Но где найти эти первобытные племена людей вне влияния других, поднявшихся на сравнительно высшую степень цивилизации?
Между многочисленными островами Тихого океана о-ва Меланезии менее известны, чем остальные, хотя и представляют большой научный интерес. Среди них Новая Гвинея по своей величине и неизвестности играет первую роль. Величина острова в точности не определена. Господствуют два мнения – одно предполагает его поверхность равной 10800 кв. миль, другое 13000.[1]
Мы получим лучшее представление о размерах Новой Гвинеи, сравнивая их с расстояниями в Европе: длина ее равняется приблизительно расстоянию от Гибралтара до Амстердама, а наибольшая ширина – ширине Пиренейского полуострова между Валенсией и Лиссабоном или Парижем и Триестом.[2]

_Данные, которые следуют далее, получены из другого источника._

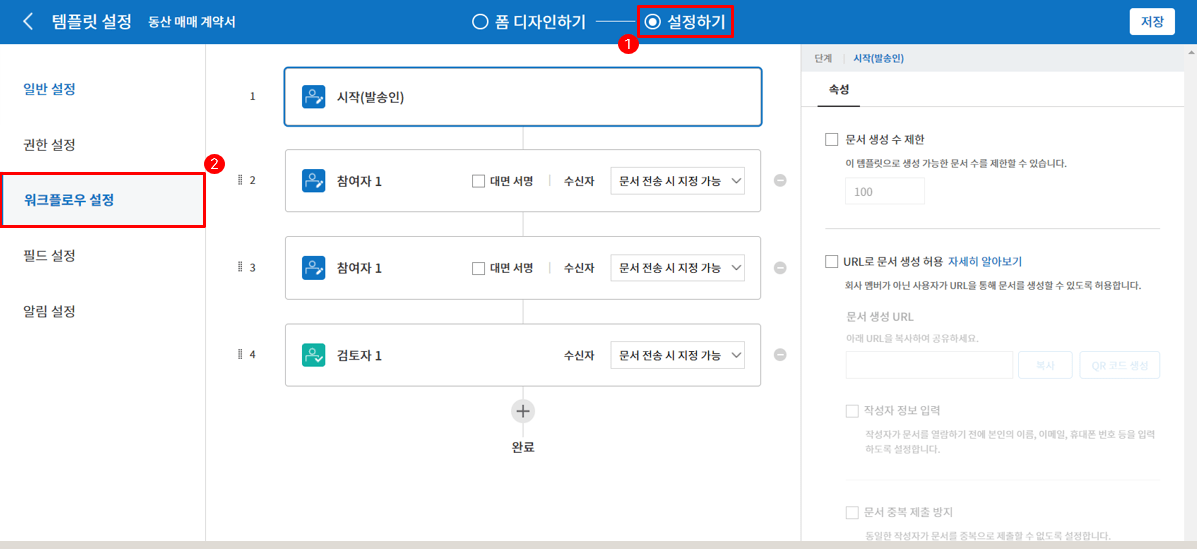 4. 워크플로우의 시작 단계를 클릭하고 화면 우측의 속성창의 ‘문서 생성 수 제한’ 체크를 클릭하여 해제하면 해결 가능합니다.
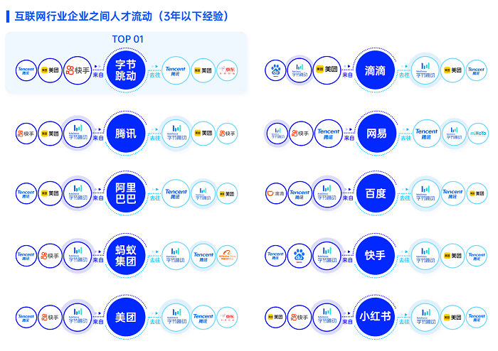职场新人在选择公司时,也呈现出明确的倾向:脉脉的这份报告分析了互联网大厂间的人才流动,字节跳动是工作经验在3年以下的职场新人跳槽时的首选公司,顶尖人才的流动去向同样以字节跳动为主。分职类来看,研发人才倾向超级大厂,近半成受访者倾向腾讯和字节跳动,品牌人才想去小红书。除跳槽外,在选择第一份工作时,校招生表示最想加入字节跳动,其次为腾讯和阿里巴巴。
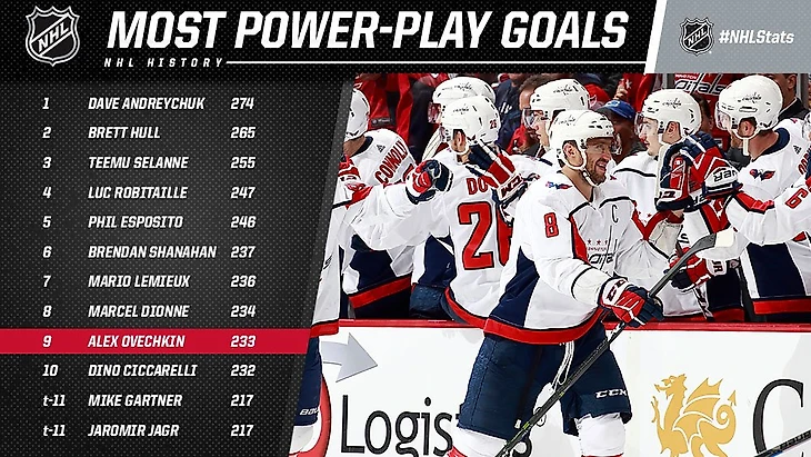 НХЛ. Овечкин забил 233-й гол в большинстве за карьеру и вышел на 9-е место в истории, обойдя Сиссарелли
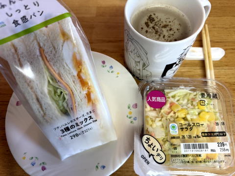 朝は ミックスサンドイッチ、コールスローサラダ、コーヒーでした。
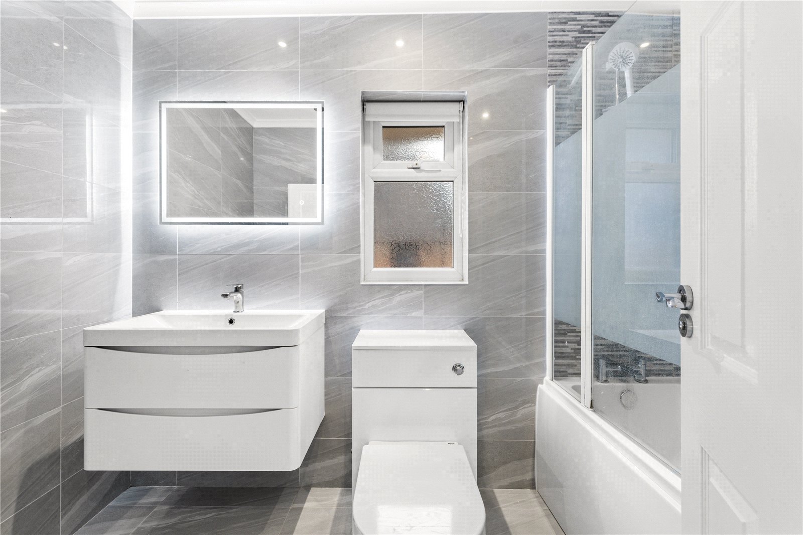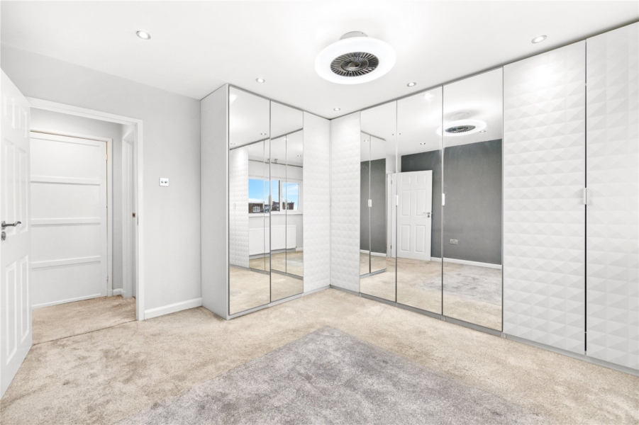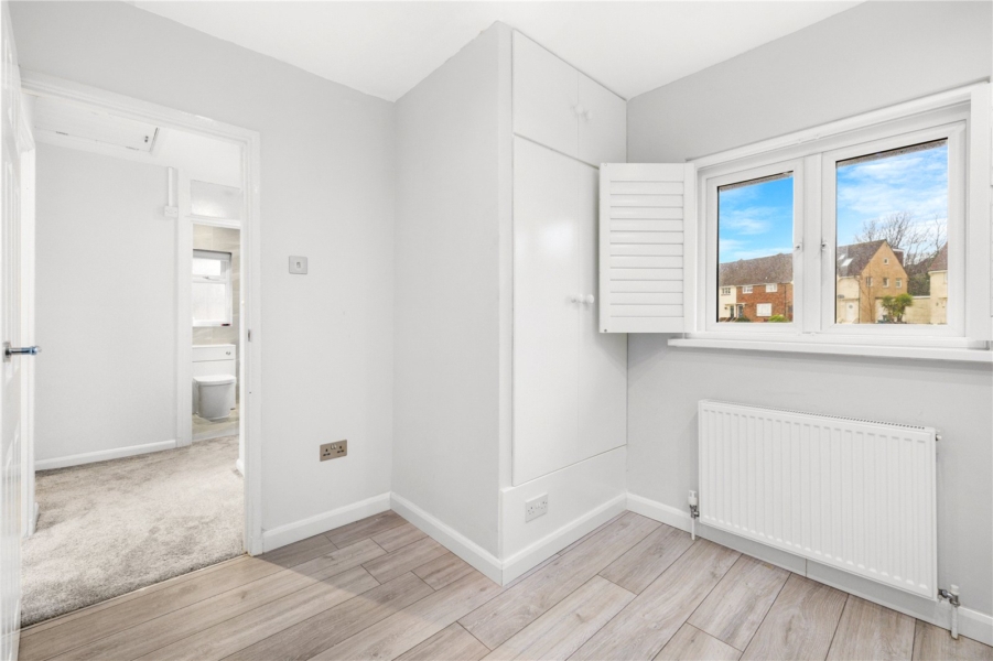 Upstairs, the neutral tiled bathroom has been thoughtfully designed and offers a bath with shower. There are two double bedrooms and one single all with storage.
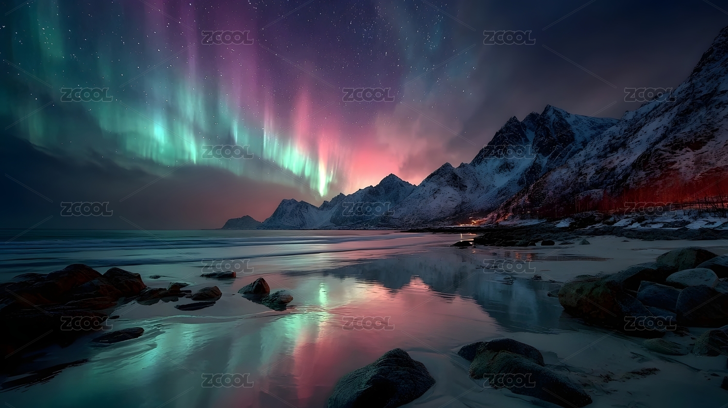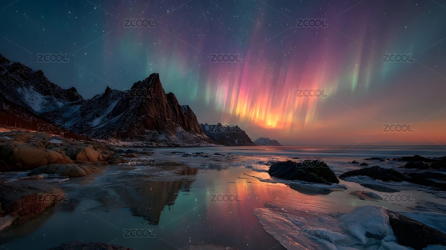 极光,山脉,星空,夜晚,天空,自然,风景,山峰,湖泊,岩石
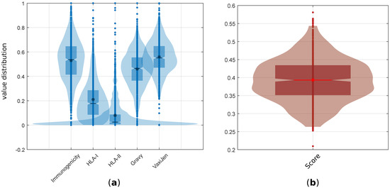 The distribution of the values varied depending on the variable. We observed that immunogenicity, the Gravy index, and the VaxiJen score were normally distributed (p-values: 0.722, 0.605 and , respectively, as determined via the Kolmogorov–Smirnov test), whereas the HLA binding variables were not (p-values: 10 and for HLA-I and HLA-II, respectively). In Figure 2, we represent the distribution and main descriptive variables in a violin plot [40] for (a) the main five characteristics of the neoantigens, and (b), the final score.

Несмотря на то, что Новая Гвинея открыта уже более трехсот лет тому назад, только некоторые из ее берегов известны европейцам благодаря посещению их мореплавателями различных национальностей. По сведениям, не вполне достоверным, Новая Гвинея открыта португальцем де Менезесом около 1526 г. Название «Новая Гвинея» было дано Торресом и Ортес де Рецом в 1545 г., во время их второго плавания, вследствие «темного и курчавого населения», которое они нашли схожим с африканскими неграми. Однако у Бэра[3] сказано, что Менезес был на острове, расположенном западнее Новой Гвинеи, и что испанский мореплаватель Альвар де Сааведра открыл северный берег Новой Гвинеи и, судя по некоторым испанским источникам, он же дал название острову из-за внешнего сходства волос туземцев с неграми.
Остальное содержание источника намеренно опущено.